The much better than forecast June U.S. jobs report at 287K print V 175K expected and a dismal 11K (revised down) prior saw the dollar initially rally broadly, though ahead of the weekend the market quickly booked profits and sold into the gains. EUR-USD dove from 1.1080 into the 1.1000 level, before rallying back to 1.1120, as USD-JPY popped 100 points to near 101.30, before falling back to 100.00. The greenback subsequently turned sideways just above opening levels. Cable ran into sellers on its brief move over 1.3000, before finding support ahead of 1.2900. USD-CAD was dragged higher on a soft Canada jobs report, and on softer oil prices, posting near two-week highs of 1.3090.

EUR-USD steadied just under opening levels, currently at 1.1040, after initially falling to 1.1002 lows, then ramping up to session highs of 1.1120 in the aftermath of the jobs report. The lowering of IMF EU growth forecasts due to Brexit likely added some weight to the pairing, though on going Brexit uncertainty should keep the euro in sell-the-rally mode for the foreseeable future.

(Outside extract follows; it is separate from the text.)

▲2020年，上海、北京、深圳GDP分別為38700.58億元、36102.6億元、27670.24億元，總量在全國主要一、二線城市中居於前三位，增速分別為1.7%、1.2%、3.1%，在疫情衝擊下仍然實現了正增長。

USD-JPY remains heavy, despite the better risk backdrop post-jobs data, dipping briefly to 100.00, levels last seen following the Brexit vote outcome. Brexit fallout will continue to keep the market nervous, which in turn should keep the safe haven yen underpinned. The pairing has since rallied over 100.80, likely as shorts are covered into the weekend. The prospects of intervention remains real, especially under the key 100 level, and will keep USD-JPY shorts on their toes.

Aside from the brief bounce in the aftermath of the U.S. jobs report, the pound traded softer on Friday, with Cable having ebbed to the low 1.29s and EUR-GBP having lifted above 0.8570. Signs of weakening UK business and consumer sentiment, and an ebb in economic activity are keeping a lid on the pound. A survey of UK consumer confidence by Gfk, conducted after the Brexit vote (between June-30 to July-5), dove to -9 from -1, which is the sharpest drop in the data series since 1994. Think tank NIESR said yesterday that it estimates UK GDP went negative in June after stagnating in May.

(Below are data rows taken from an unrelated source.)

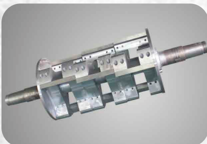
CUCHILLA DE CORTE PLANO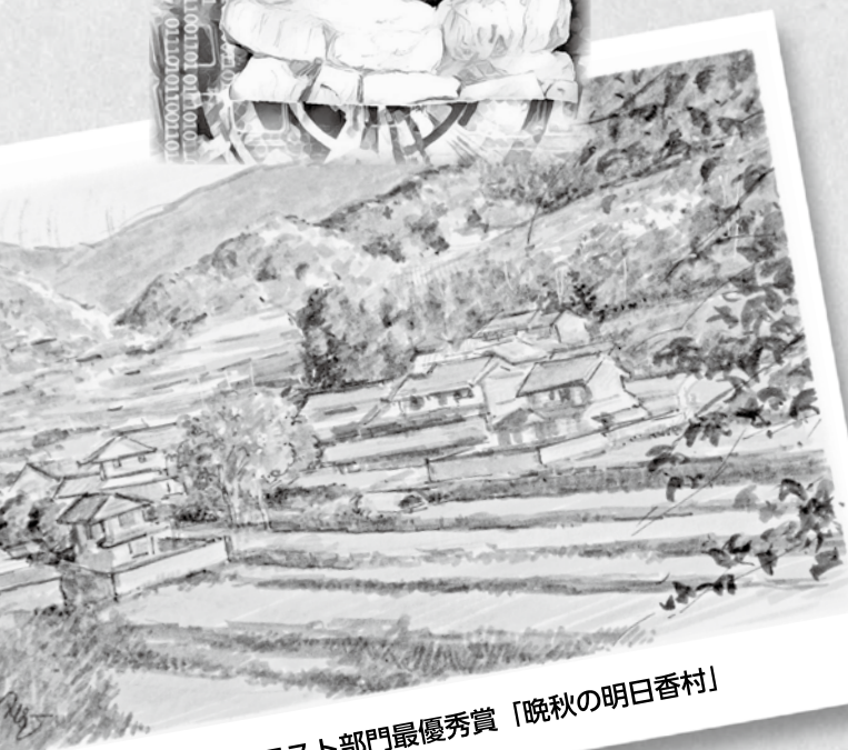
第10回イラスト部門最優秀賞「晩秋の明日香村」

「飛鳥の風景」をテーマにした『絵ハガキ』を募集いたします。飛鳥地方で見た、感じたステキな風景を「絵ハガキ」にして、たくさんの方に伝えてみませんか？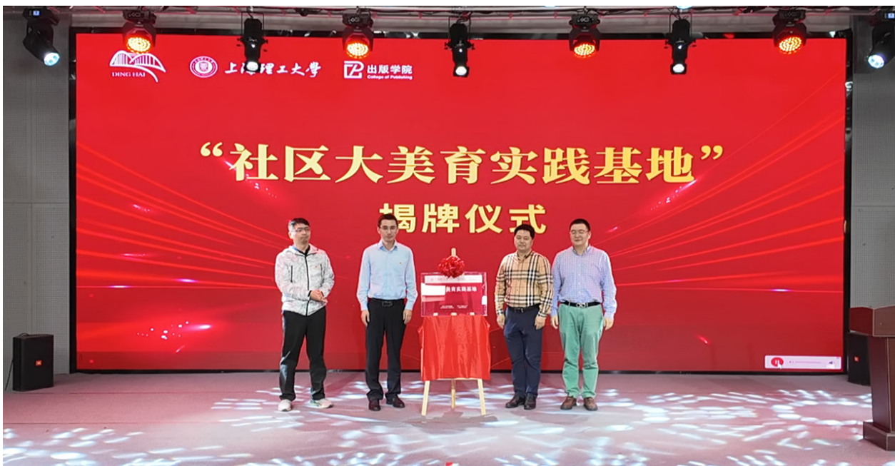
图1 “杨浦区定海路街道 - 上海理工大学出版学院”社区大美育实践基地揭牌

EUR-CHF has recouped to the 1.0800-1.0900 area, above the post-Brexit 10-month low at 1.0623 (seen on June 24). The SNB confirmed that it had intervened in EUR-CHF in the day following the Brexit vote. The central bank stated that it has “intervened in the foreign exchange market to stabilise the situation and will remain active in that market.” The SNB said last month after its quarterly policy review that it has been monitoring the impact of the Brexit issue on the “significantly overvalued” franc.

USD-CAD rallied to nearly two-week highs of 1.3090 following the mix of data, which revealed a better than expected U.S. jobs report, and a softer Canadian employment outcome. In addition, oil prices remained near the bottom of a two-month range, with WTI crude idling near $45.50, after dipping under $45.00 on Thursday. The 1.3100-20 band becomes resistance, and represents various tops seen in June.